Data below:
::::::

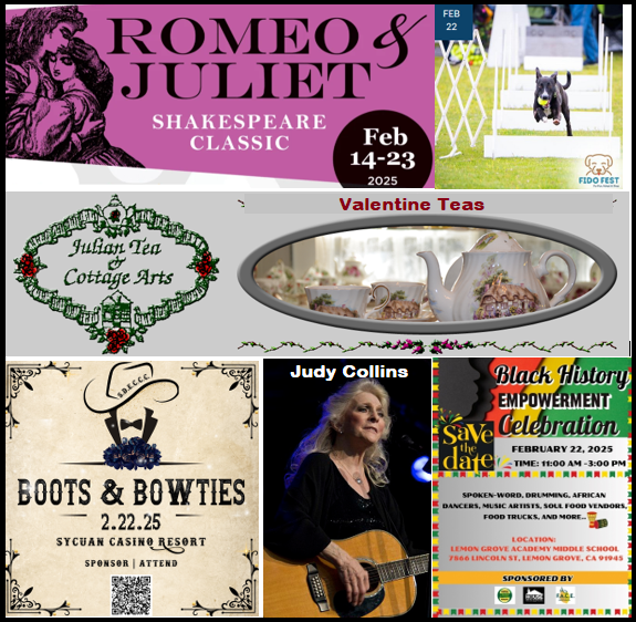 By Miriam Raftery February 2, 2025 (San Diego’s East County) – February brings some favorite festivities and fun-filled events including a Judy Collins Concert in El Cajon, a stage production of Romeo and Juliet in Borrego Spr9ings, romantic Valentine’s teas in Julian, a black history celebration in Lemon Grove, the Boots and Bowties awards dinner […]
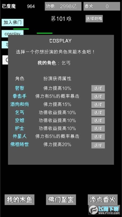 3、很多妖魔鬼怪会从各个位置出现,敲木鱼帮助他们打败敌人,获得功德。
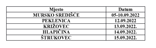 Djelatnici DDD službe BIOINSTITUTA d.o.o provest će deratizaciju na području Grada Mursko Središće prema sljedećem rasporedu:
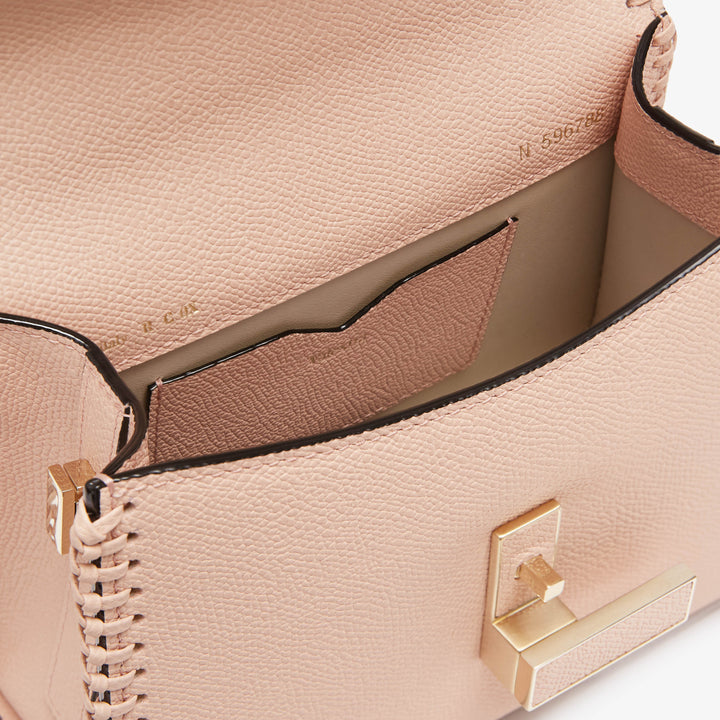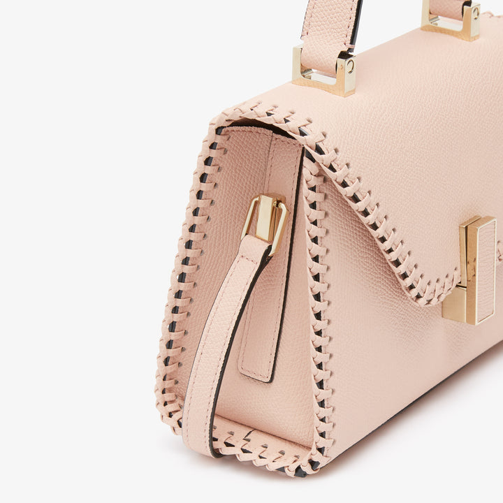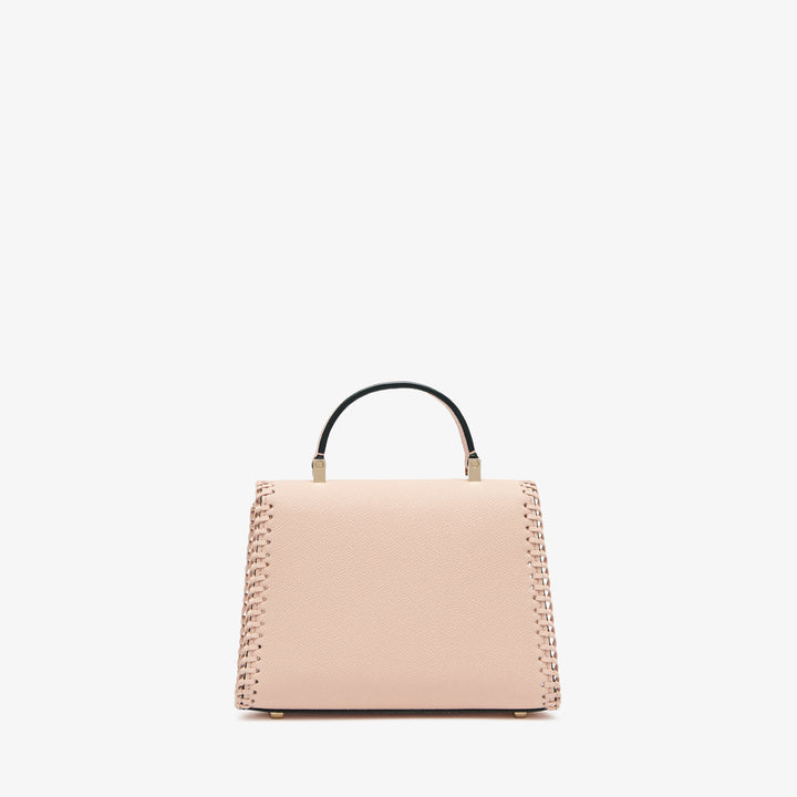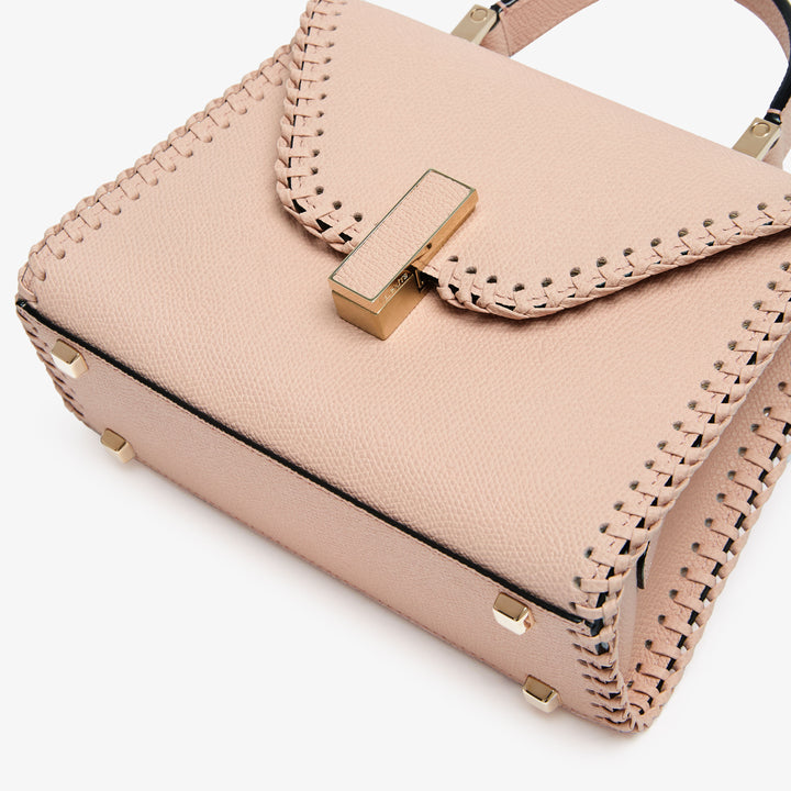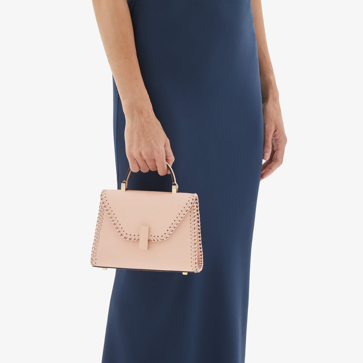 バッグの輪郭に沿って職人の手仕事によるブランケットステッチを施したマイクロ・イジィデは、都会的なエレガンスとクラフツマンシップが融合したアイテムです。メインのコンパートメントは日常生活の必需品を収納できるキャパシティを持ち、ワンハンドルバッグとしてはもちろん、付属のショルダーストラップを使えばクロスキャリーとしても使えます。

::::::

Task requirements: Word for word, retype the lines from the one that contains "3、很多妖魔鬼怪会从各个位置出现,敲木鱼帮助他们打败敌人,获得功德。" through the final line of the data, both ends included, excluding pictures.

Reply:
 3、很多妖魔鬼怪会从各个位置出现,敲木鱼帮助他们打败敌人,获得功德。
 Djelatnici DDD službe BIOINSTITUTA d.o.o provest će deratizaciju na području Grada Mursko Središće prema sljedećem rasporedu:
 バッグの輪郭に沿って職人の手仕事によるブランケットステッチを施したマイクロ・イジィデは、都会的なエレガンスとクラフツマンシップが融合したアイテムです。メインのコンパートメントは日常生活の必需品を収納できるキャパシティを持ち、ワンハンドルバッグとしてはもちろん、付属のショルダーストラップを使えばクロスキャリーとしても使えます。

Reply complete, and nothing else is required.